6 months ago, there was a change proposal for introducing (optional) optimized binaries into Fedora.
Although it ended up being removed and deferred to a later date, I decided to look into some of the feedback it has gotten.
The mechanism suggested for optimized libraries seems relatively simple enough, but the one for optimized executables got a lot of concerns:
Among these concerns, the following were the most common:
- Setting the
$PATHis finicky and not guaranteed to work - programs can decide to modify it, which would break this mechanism. - This mechanism doesn’t work if the program is launched using its absolute path.
I’ve thought about a different mechanism, which solves these concerns, and would like some feedback on it!
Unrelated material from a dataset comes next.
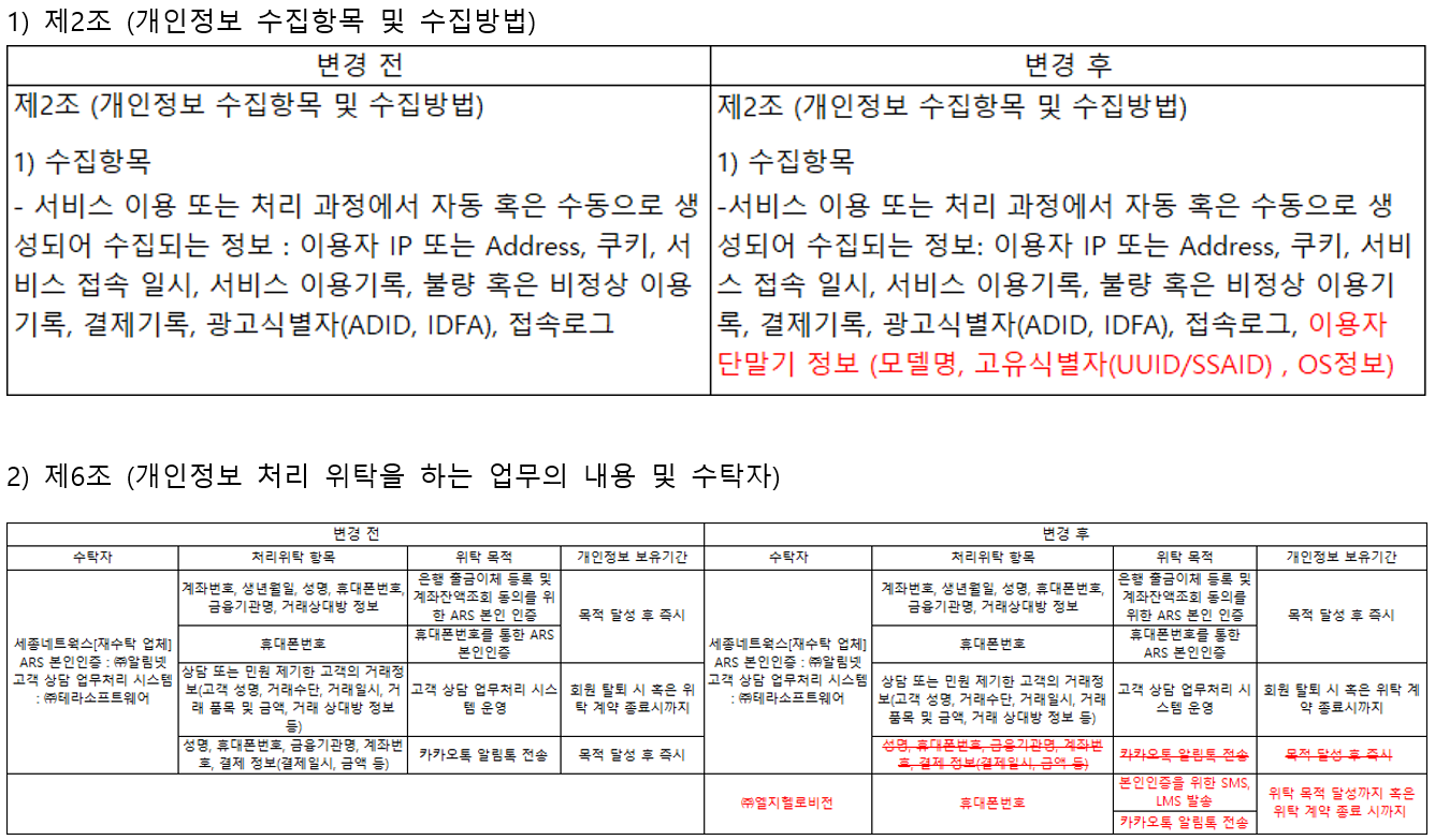 - 대상 : 제2조(개인정보 수집항목 및 수집방법), 제6조(개인정보 처리 위탁을 하는 업무의 내용 및 수탁자)

Introduce a new executable, called hwcaps-loader. It first determines what’s the maximum feature level of the CPU, then, it executes the best version of the specified program, as long as its equal or below the CPU’s feature level.
When a package opts-in to this mechanism, its executables in /usr/bin/ link to /usr/bin/hwcaps-loader, which finds the actual binary in /usr/bin/glibc-hwcaps/*/.
There’s no separate “loader” program for each executable to keep storage costs as low as possible. Instead, a hard link is made from /usr/bin/{EXEC_NAME} to /usr/bin/hwcaps-loader.
hwcaps-loader determines which program it should execute by reading /proc/self/exec’s path (symlink to the process’s binary file), which will correspond to the hard link.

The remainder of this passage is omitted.